DIRECTIONS FOR THIS TASK: Exactly as written, please repeat the data that follows, but not the pictures.

EXERCISE DATA:
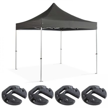 Tente pliante 3x3m et 4 poids de lestage 12Kg gris
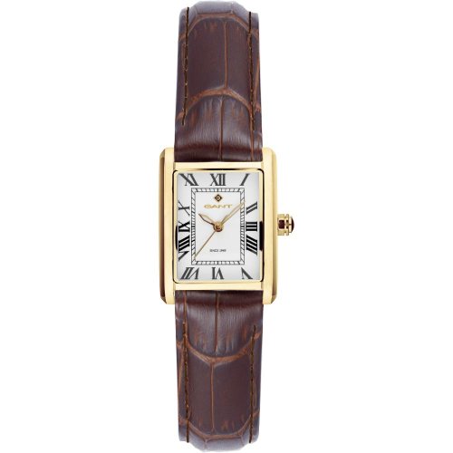 Dámské náramkové hodinky Napájení z baterie Průměr pouzdra 34,0 mm Pouzdro ve tvaru obdelníku Ocelové pouzdro Zlatavá barva pouzdra Kožený tah Hnědá barva tahu Ručičkový ciferník Stříbrná barva ciferníku Ciferník s římskými čísly Materiál skla - minerální sklo Odolné proti vodě během plavání
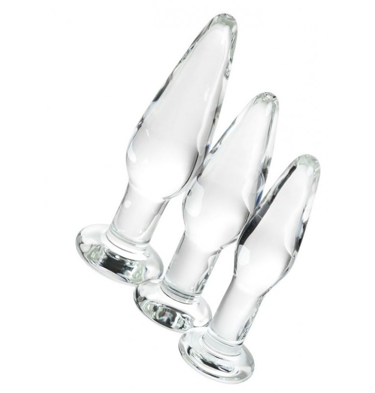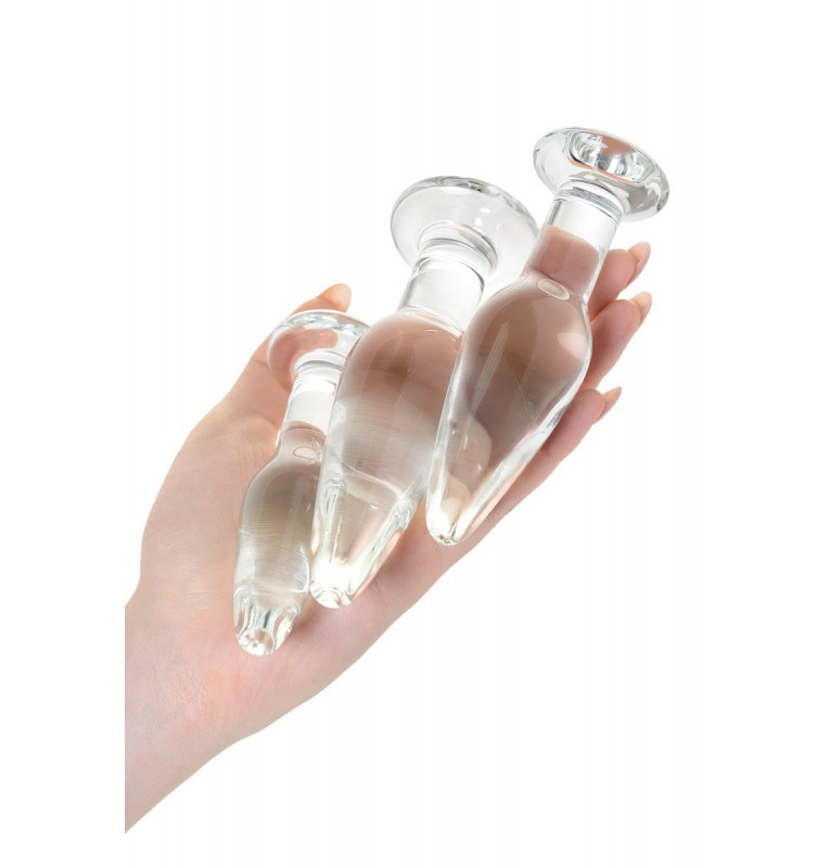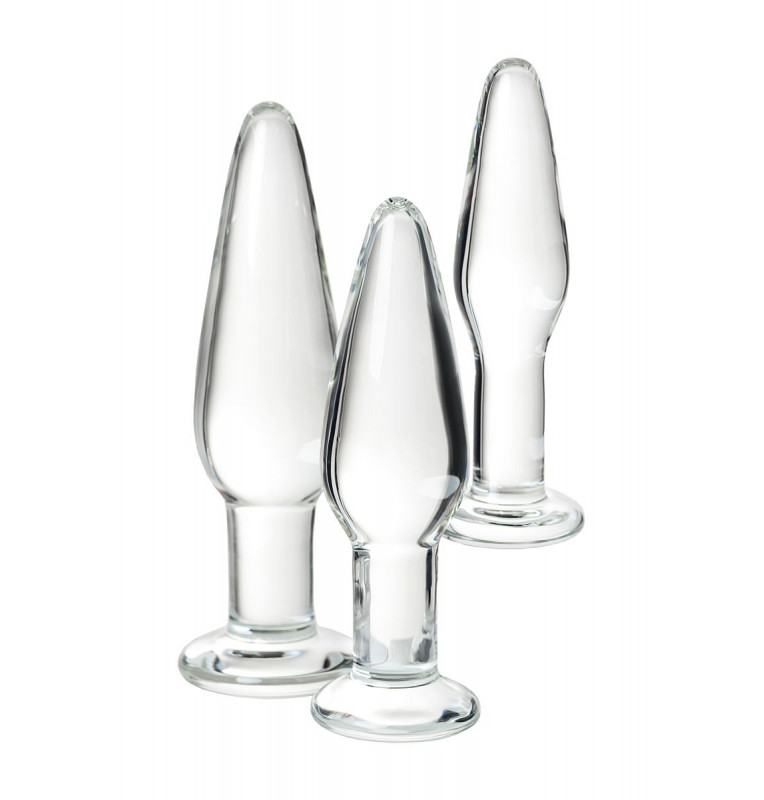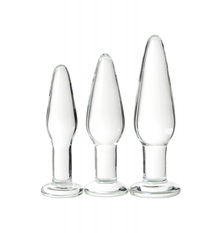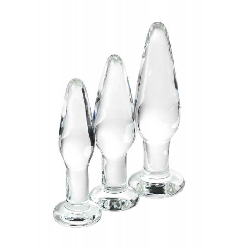 Набор из трех стеклянных анальных пробок с круглым ограничителем Sexus Glass

ANSWER TO THE EXERCISE:
 Tente pliante 3x3m et 4 poids de lestage 12Kg gris
 Dámské náramkové hodinky Napájení z baterie Průměr pouzdra 34,0 mm Pouzdro ve tvaru obdelníku Ocelové pouzdro Zlatavá barva pouzdra Kožený tah Hnědá barva tahu Ručičkový ciferník Stříbrná barva ciferníku Ciferník s římskými čísly Materiál skla - minerální sklo Odolné proti vodě během plavání
 Набор из трех стеклянных анальных пробок с круглым ограничителем Sexus Glass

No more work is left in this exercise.